Transfections occurred 24 hours after seeding and media changed at 48 hours after seeding. Cells were collected at indicated time points or 72 hours after seeding. FK866 (10 nM) (Sigma) or EX527 (1μM) (Sigma) was diluted in DMSO and supplemented to cells without changing media 24 hours before collection. For subcellular localization experiments, cytoplasmic fractions were isolated from the supernatant following treatment with CER1/CER2 reagents according to manufacturer instructions (Thermo, NE-PER kit). Nuclear fractions were isolated by resuspending the nuclear pellet in 5 volumes RIPA buffer and shearing (Diagenode) 3 cycles at 30sec on/30sec off. Whole cell lysates were isolated by treating cell pellets with RIPA as above. All lysis buffers contained 1X protease inhibitors (Roche), 1X phosphatase inhibitors (Roche), and 1μM Trichostatin A (Sigma) and 20mM nicotinamide (Sigma) to inhibit deacetylases. Anti-FLAG-PER2 immunoprecipitations were carried out by incubating 0.25 mg protein lysate with 30 μL of 50% slurry of anti-FLAG conjugated paramagnetic beads (Sigma) in PBS + 5% Tween-20 in protein lo-bind tubes (Eppendorf) overnight at 4°C, rotating. Western blots for H3 (CST 9715), β-ACTIN (CST 4970), GAPDH (CST 5174), BMAL1 (Santa Cruz sc-48790), p-PER2-S659 (Thermo PA5-38901), PER2 (gift from C. Lee (Florida State University)), PER1 (Abcam ab136451), CRY2 (Alpha Diagnostic CRY21-A), CRY1 (Bethyl A302-614A), and FLAG-HRP (Sigma). HRP-conjugated secondary antibodies were from Sigma and Rockland (TrueBlot).

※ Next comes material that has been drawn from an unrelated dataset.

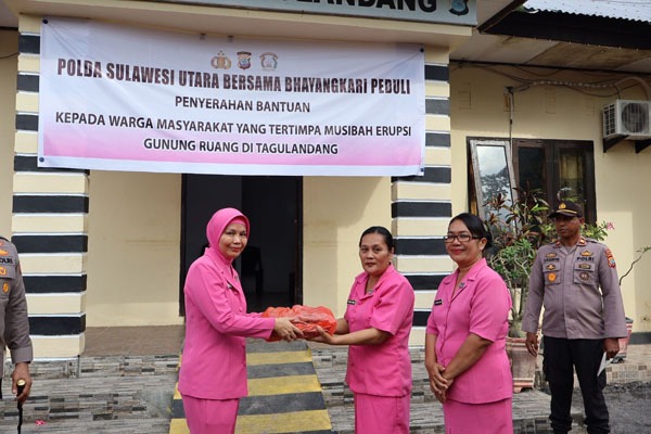 Sebelum mengunjungi Polsek Tagulandang, Kapolda dan Ketua PD Bhayangkari Sulut bersama Wakil Gubernur serta Forkopimda Sulut memberikan bantuan secara simbolis bagi warga masyarakat, di Posko Terpadu Penanggulangan Bencana Gunung Ruang, yang berada di Kampung Apengsala, Kecamatan Tagulandang Utara.

Ex vivo PER2::LUC measurements

Soleus was excised from transgenic mice expressing the full-length PER2 fused to LUCIFERASE (PER2::LUC) and cultured ex vivo in a lumicycle (Actimetrics) as previously described (Yoo et al., 2005). Briefly, the full-length soleus muscle was spread flat on a 0.2 μm filter (Millipore) exposed to luciferin-containing media (Dulbecco’s modified Eagle’s medium (DMEM; Gibco, 1.2 ml) containing sodium bicarbonate (352.5 μg/ml), 10 mM HEPES (Gibco), 2 mM L-glutamine, 2% B-27 serum-free supplement (Invitrogen), penicillin (25 U/ml), streptomycin (Gibco, 20 μg/ml), and 0.1 mM luciferin sodium salt (Biosynth AG)) on the basal side. Dishes were sealed with vacuum grease and a round cover slip and maintained in a lumicycle at 37°C. Amplitude was determined by calculating the half-difference in height of the background-subtracted maxima and minima on the 3rd phase of oscillation (~3 days after start of recordings).

PER2::LUC stability

MEFs expressing full-length PER2 fused to LUCIFERASE (PER2::LUC) were tested for PER2 stability in a lumicycle as described previously (Zhou et al., 2015). Briefly, MEFs were synchronized with dexamethasone, then incubated in a lumicycle (Actimetrics) in media containing luciferin as above. 17 hours post-shock, FK866 (30 nM) or DMSO was added to the dish without changing the media. 22 hours post-shock, cycloheximide (40 μg/mL) was added to the dish without changing the media. Background-subtracted luminescence readings were normalized to signal at 21.5 hours post-shock. Half-life was calculated as the time following cycloheximide addition in which the luminescence signal was decreased by greater than 50%.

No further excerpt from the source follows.